見るからに素人くさいホットドッグだが、これにはこだわりがある。藤原伊織著『テロリストのパラソル』の中に出てくるホットドッグをお手本にしているのだ。

会社勤めをしていた頃、職場で先輩が昼休みに本を読んでいた。「何読んでいるんですか」と声をかけたら「これ」と表紙を見せてくれた。
『テロリストのパラソル』というタイトルからは、全く内容が思いつかない。「面白いですか?」と、と不躾な質問をしたら「うん。すごく」と言って本に視線を戻した。

その後、わたしも読んでみた。すごく面白かった。それまでハードボイルド小説を読んだことはなかったが、次はどの本を読もうか、というくらい気に入った。特に印象に残ったのは主人公が作る「ホットドッグ」だった。作り方の描写もちゃんと書いてある。

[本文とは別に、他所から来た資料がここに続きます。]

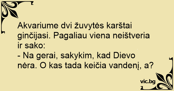 Akvariume dvi žuvytės karštai ginčijasi. Pagaliau viena neištveria ir sako: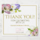 Essas lindas etiquetas de vinho espumante floral são uma forma excelente de obrigado para convidados especiais, família ou membros da sua festa noiva. Apresenta um design chic e elegante com texto dourado e cor-de-rosa sobre fundo branco com borda dourada. A fronteira é cortada com um belo aglomerado de flores de primavera em cores pastéis, incluindo rosas rosa, lírios e orquídeas brancos, e hidrônio roxo ou lavanda leve. O texto diz: Obrigado por Celebrar conosco, juntamente com o nome da data do casal e do casamento. Também há espaço para entrar no tipo de bebida ou outro conteúdo do frasco.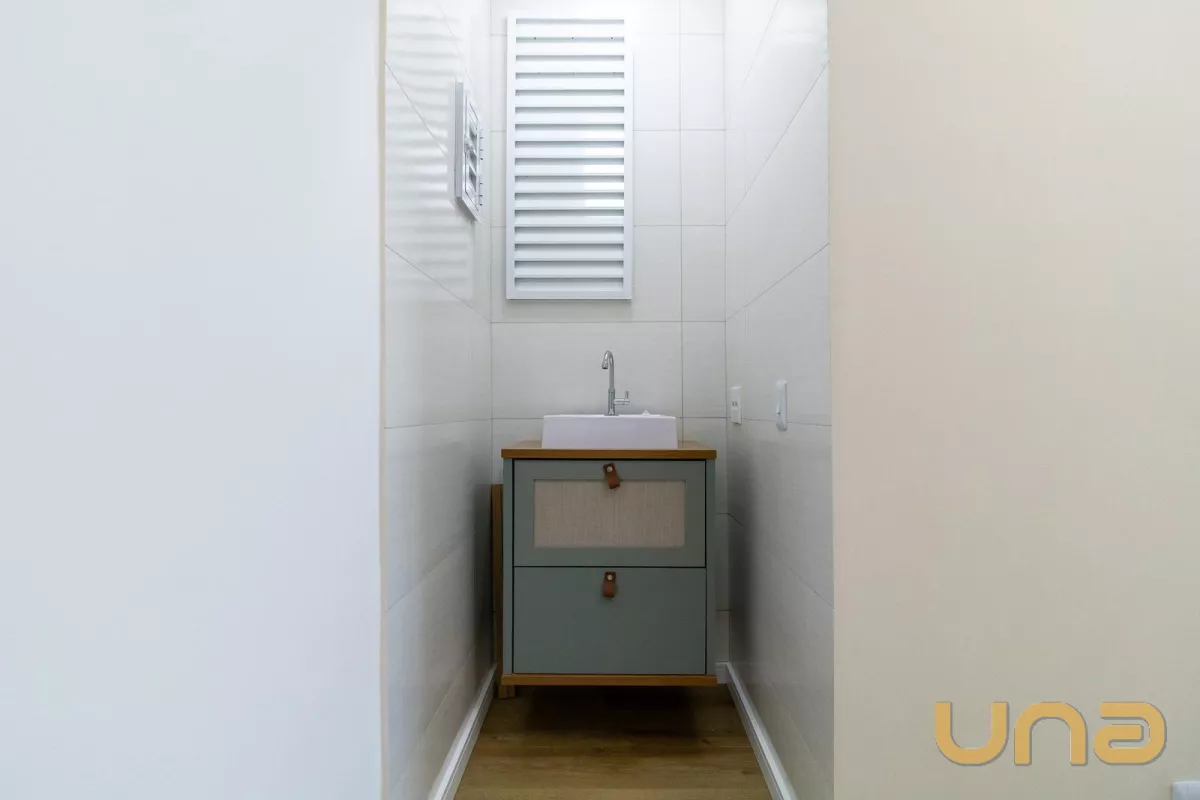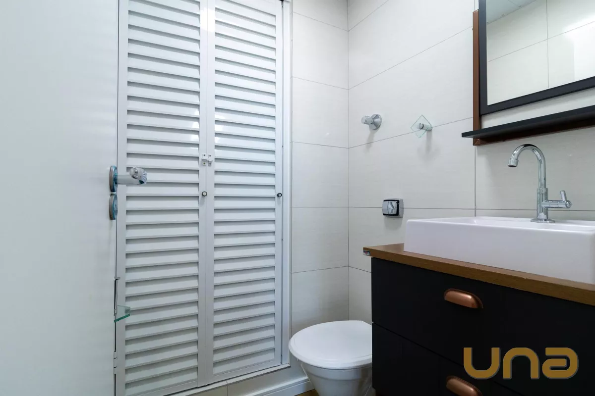 Banheiro privativo – equipado com vaso, pia e armário, agregando conforto ao ambiente profissional

わたしはそれから、『テロリストのホットドッグ』として時々作った。キャベツを千切りにし、油を引かないフライパンで炒める。ソーセージを炒め、あらかじめオーブントースターで軽く熱したパンにキャベツとソーセージを挟む。マスタードとケチャップをかけて出来上がり。このやり方で、10年以上やってきた。作る度に「うまい」と思ったし、主人公の気高さや、この本を教えてくれた先輩のことを思い出した。

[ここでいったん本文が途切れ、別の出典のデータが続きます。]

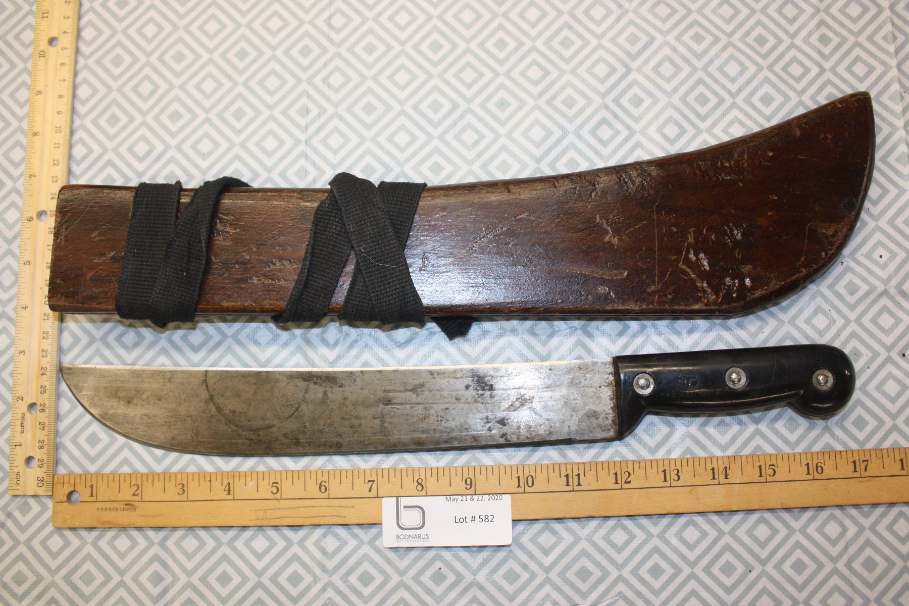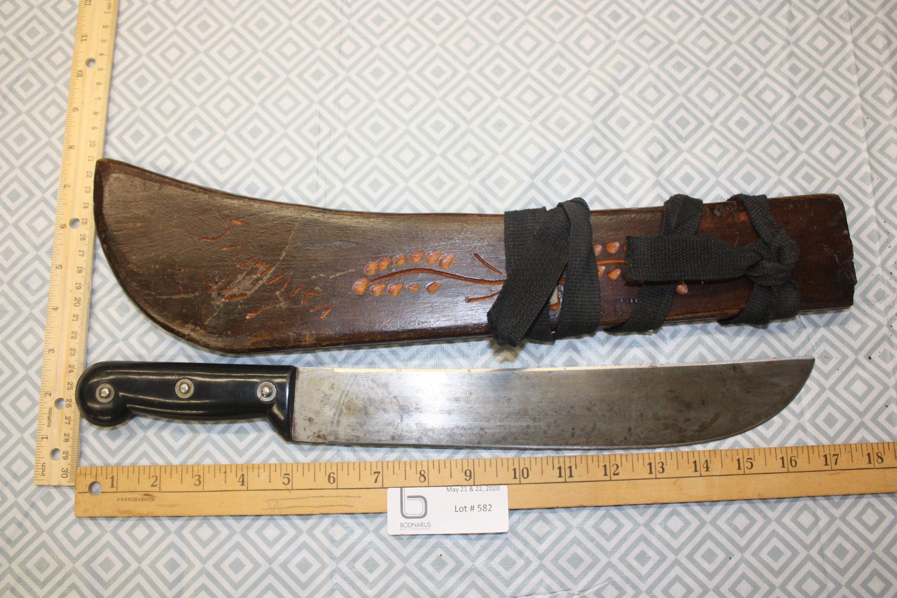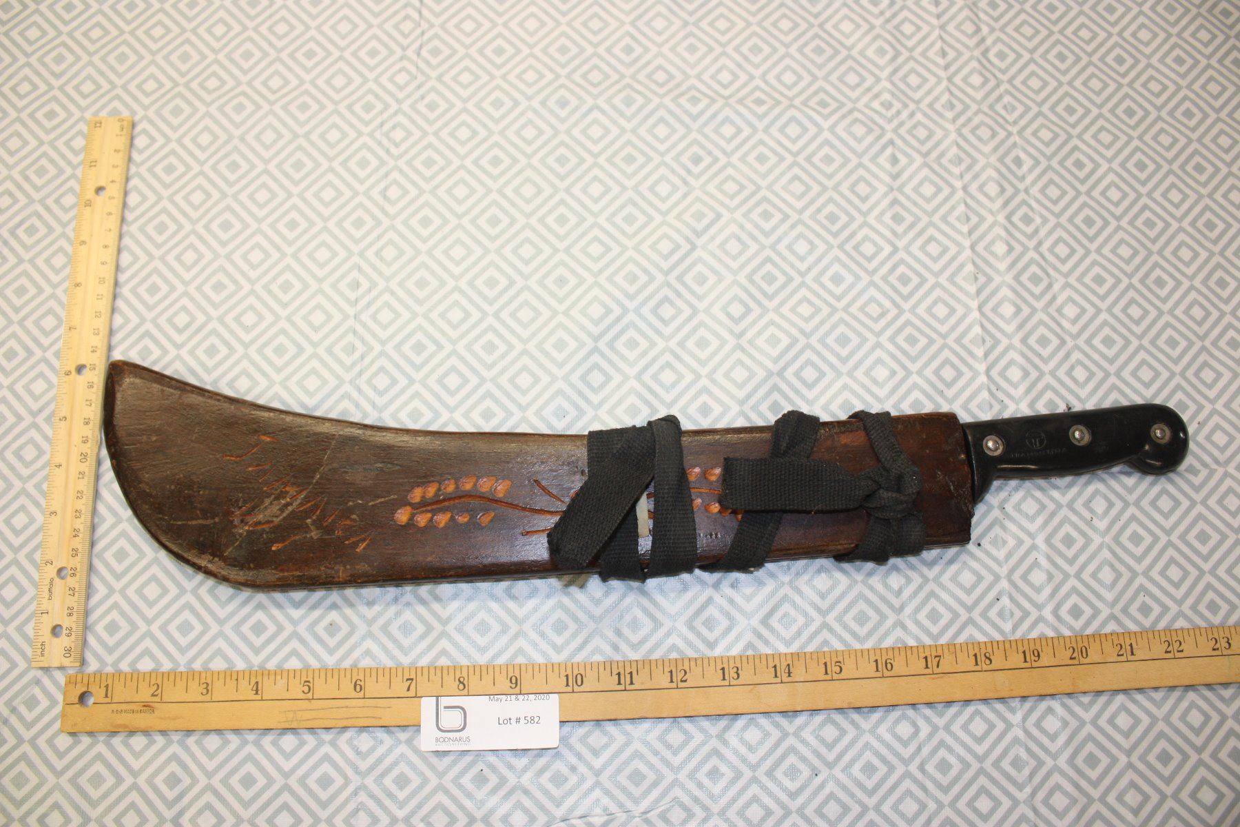 Long Knife Blade of 12 by 1/8 Thick with Wooden Sheath

先ほど、noteに書くならちょっと確認するか、と思って読み返して驚いた。「割ったパンにバターをひく。ソーセージに刻みを入れ、キャベツを千切りにする。フライパンにバターを入れ、ソーセージを炒める。キャベツを投入し、塩、黒コショウ、カレー粉を入れて炒める。パンにキャベツとソーセージをはさみ、オーブンで温める。スプーンでマスタードとケチャップを流して皿に乗せる」と書いてある。うわあああ。全然違うじゃないのよ!

なーにがテロリストのホットドッグだ。エセじゃないか。著者は関西人だから「パチモン」と言うかもしれない。どこで記憶が歪んでしまったのか。

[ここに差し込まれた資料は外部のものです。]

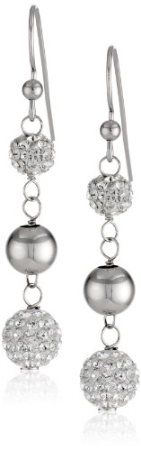 STERLING SILVER SWAROVSKI ELEMENTS CLEAR CRYSTAL BEADED BALL DANGLE EARRINGS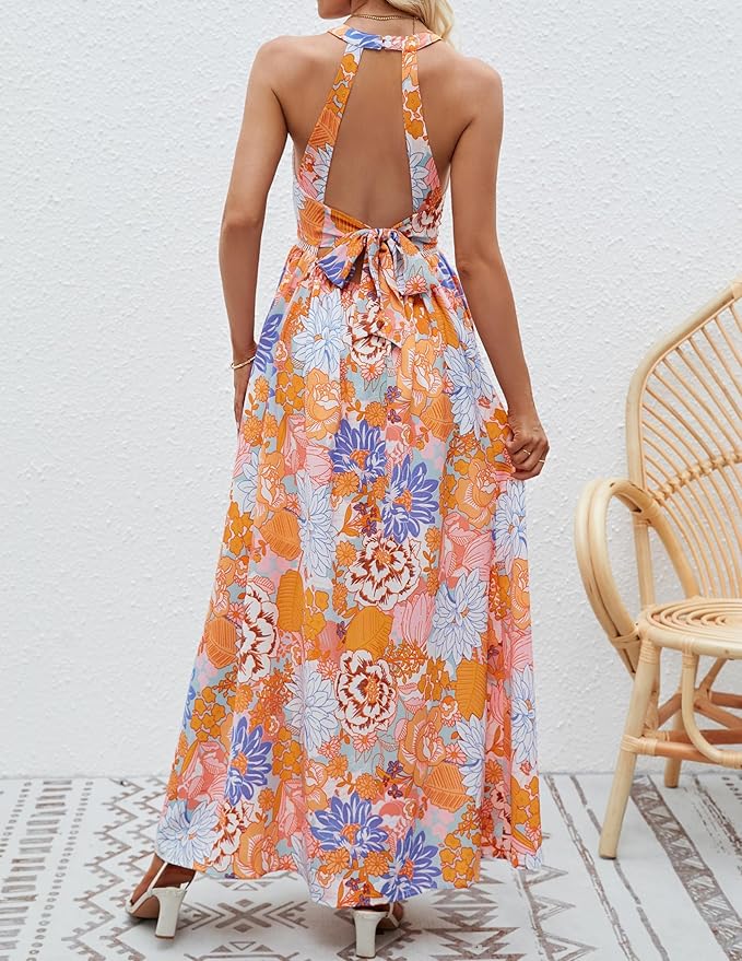This backless halter dress showcases a vibrant floral print in bright orange, pink, lilac, and white tones — perfect for vacation vibes. Featuring a high halter neckline and an open back with a bow tie detail, it strikes the perfect balance between playful and elegant. The flowy maxi length makes it ideal for beach dinners, weddings, or tropical getaways. Style it with wedges and a simple necklace to complete the look.

藤原伊織氏は、最初の受賞作から10年間、出版しなかった。しかし、ギャンブルの借金が嵩んで、その返済のために1000万円が賞金である江戸川乱歩賞に応募し、受賞したそうだ。この作品の構想はずっと前からあったのだろうと思うが、受賞を狙って書くのは大きなギャンブルにも似ていると思った。

『テロリストのパラソル』は、江戸川乱歩賞を受賞したのち、直木賞も得ている。この文学賞のダブル受賞は史上初だったとwikipediaに書いてあった。

ホットドッグを週末に作り直してみようと思う。